The Colombo International Theatre Festival (CIFT), the brainchild of M.Safeer, which has become an annual fixture on the calendar for theatregoers, has over the years, brought some noteworthy, appreciable works of theatre from foreign countries to our shores. Among the foreign productions brought to life on the boards of the Elphinstone theatre in Colombo this year, as the CIFT unfolded, was a solo actor play from the United States, titled “Let It Be Art!”. This single actor performance, which had a duration of about 45 minutes was staged on August 4, and yours truly, seated under the gentle darkness in one of Colombo’s oldest theatres, had the pleasure of experiencing a work that can be called ‘theatre about theatre’.

The performance was delivered by Ronald Rand, a veteran actor of the stage in the US, and narrates a monologue that gives a glimpse into the life of one of the most influential figures in US theatre, the late Harold Clurman. Rand’s performance was narrated engagingly with attention grabbing theatricality, of how Clurman’s life was one that was dedicated to theatre as art and thereby realising the magic of theatre through unreserved passion and commitment.

Rand arrives on stage attired somewhat as a ‘magician’, donned in a black hat and suit and what may be seen as a professorial cloak, carrying a black cane. One cannot help but notice a subtle layer of mystique over the demeanour of the character. The stagecraft surrounding him depicts a setting of an office room cum study. After hanging his hat and cloak, Clurman’s words begin, and thus Rand gives a theatrical embodiment to a soul that seeks to, among other things, give his ethos in theatre credence, in an age where practically all art is being swept up by tides of commercialism.

From his views on the legendary Russian theatre practitioner Konstantin Stanislavski, to reminiscences about colleagues with whom he formed the Group Theatre in New York City, to his philosophy of what theatre is to human history and the progress of civilisation and culture, the character of Clurman embodied by Rand discourses convivially in a most endearing manner.
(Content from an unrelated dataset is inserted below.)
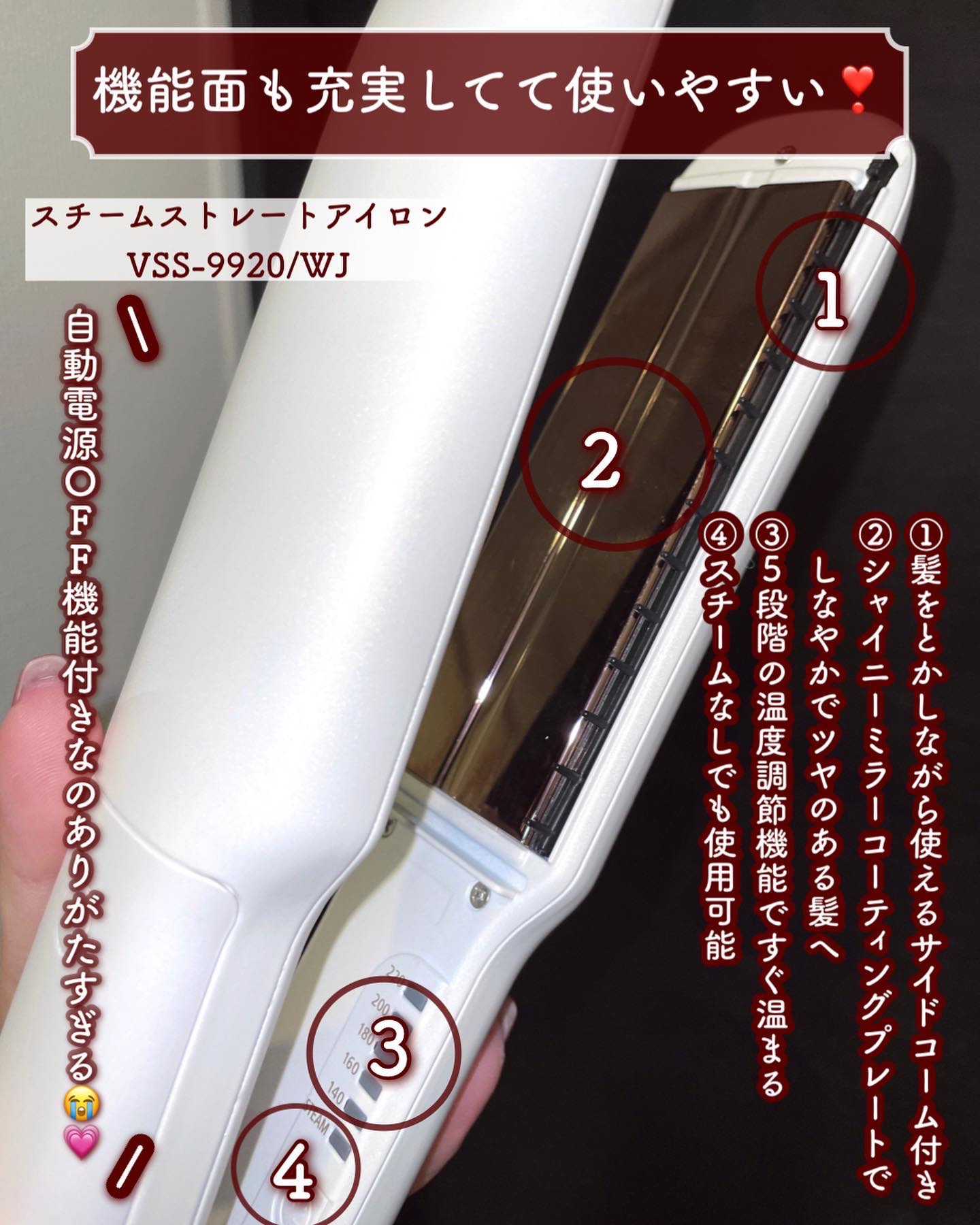 自分の好みで5段階から選べる髪の毛にかかるテンション(上下プレートの間隔)と80℃、100℃、120℃、140℃、160℃、180℃、200℃の7段階から選べる温度調節機能はとっても魅力的なポイントです😄💗✨ 本体の立ち上がりが速くヘアセットを急いでいる時でもサクッと使用できてありがたいです😉💓 何度してみても感動の使い心地でお家でヘアサロン級のセットを叶えてくれるからもう手放す事ができない私の相棒ちゃんです😘✨

No matter how little one may have as income, going to the theatre at least once a month is an absolute must in Clurman’s book, if one is to be considered ‘cultured’! Perceptions of what is theatre and what it serves within a people’s culture comes out as a very strong opinion in this ‘one man show’.

“Life is a great adventure, and here we are!” Clurman declares to his audience. Theatre being his life and his life being in theatre surely made Clurman see life as a journey with many parts that brings to life the famous words of Shakespeare from his play ‘As You Like It’ –“All the world’s a stage...”. The monologue brings out facets of Clurman’s character as a theatre director, theatre critic, academic and essayist seamlessly meandering between opinions, exclamations, references and reminiscences.

One of the most interesting references to the history of theatre in New York City comes through the reminiscence by Clurman of his first visit to the theatre at the age of six. Thus a small glimpse of Yiddish theatre in New York City as a ‘theatre of immigrants’ is given a moment of life, as a memory, through the recollections of a man whose whole life was dedicated to the magic of the theatre. The narrative has at its heart a call to awaken the conscience of a people about the need for art that is not built on the purpose of profit and commercialisation.

The performance brings to a close the belief that art is a form of magic and what is magic is art. Thus the finale expounds how Clurman saw the purpose of his life as one dedicated to living in art and thereby realising how life itself, can be magic.